Health insurance has become a buzz word, thanks to the Pradhan Mantri Jan Arogya Yojana that promises to insure 500 million people from the lower economic strata, and the insurance regulator’s renewed focus on it. Tapan Singhel, managing director and CEO, Bajaj Allianz General Insurance Co. Ltd, talks about how the health insurance landscape is expected to evolve
In July this year, the Insurance Regulatory Authority of India(Irdai) set up a working group to look into standardising exclusions in health insurance policies. What can we expect from it? Given that health insurance comes with many caveats, the work of the committee will mark the next wave of reform in health insurance.
First let’s look at the way health insurance has evolved in India. It was launched in 1986 and till about 2006, there was hardly any development. But in the last decade, health insurance has grown substantially and the products have seen important innovations. This is driven largely by consumer interest—people have realised that they need quality healthcare and insurance plays an important role in making that affordable.
Health insurance is crucial for quality healthcare which in turn is crucial to increase life expectancy. Hence, there needs to be a constant endeavour to improve this space. Also, health insurance is highly customer sensitive because the experience is very personal.
The committee will also look at ways of including new medical procedures as a result of technological advancements. There are some policies that exclude latest lines of treatment. For instance, some policies exclude certain cancer treatment drugs. Why?
Regular health policy
A regular health policy is just the basic cover that everyone must have, but over and above that, one should go for a top-up plan that increases the cover in the most cost-effective manner, and over that, one should have a critical illness policy that pays a lump sum on the diagnosis of a critical illness.
Defined benefit plans like critical illness plans are beneficial because they give a lump sum that can be used to supplement income and seek better medical care. Because we are able to control claims, critical illness plans are cheap.
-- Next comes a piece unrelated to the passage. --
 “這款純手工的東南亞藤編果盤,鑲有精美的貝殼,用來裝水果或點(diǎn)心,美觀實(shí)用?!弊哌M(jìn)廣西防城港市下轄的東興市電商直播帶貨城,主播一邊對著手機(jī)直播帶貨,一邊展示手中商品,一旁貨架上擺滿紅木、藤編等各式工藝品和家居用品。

When a person is insured then she gets hospitalized for ailments like diarrhea and fever, which she wouldn’t do otherwise. This impacts the claims ratio, but this is taken care of in critical illness plans because we pay a lump sum against named ailments after a survival period of 30 days.
The cover under Pradhan Mantri Jan Arogya Yojana (PMJAY) is comprehensive with very little exclusions. It also covers pre-existing ailments. Also, in all the empanelled hospitals, treatments rates are pre-decided. Why haven’t insurers been able to replicate the model for retail health?
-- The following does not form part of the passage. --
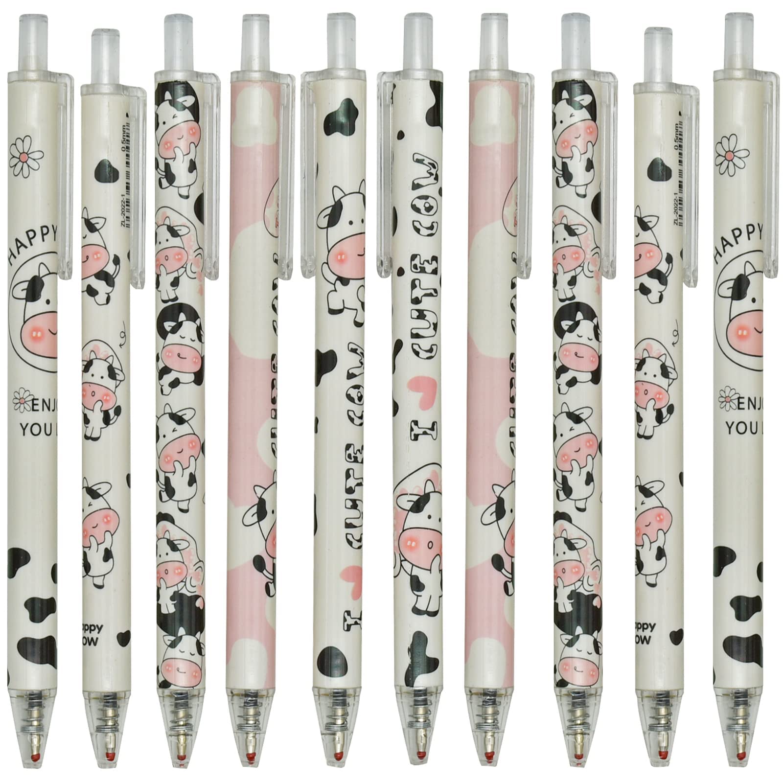 Maydahui かわいい 動物 牛 ノック式 ボールペン 12本セット 0.5mm 黑 インク おしゃれ ウシ ジェル ボールペン 可愛い 文房具 子供 学生 ギフト プレゼント | kor Cat*

A retail policy, however, runs the risk of adverse selection. Imagine if we do away with the waiting period on pre-existing ailments, then everyone with a pre-existing ailment will line up and that will impact our claims ratio.
As it is, the combined ratio for retail health insurance is upwards of 100%, which means we are not making any money. Now about packaged rates. PMJAY is implemented on a national scale and for 500 million people; the sheer size gives the scheme the muscle to enter into package rates with hospitals.
In retail, only about 10% of hospitalisation is insured, so where is the muscle to negotiate rates? But with PMJAY, I am sure even retail will experience a cascading effect.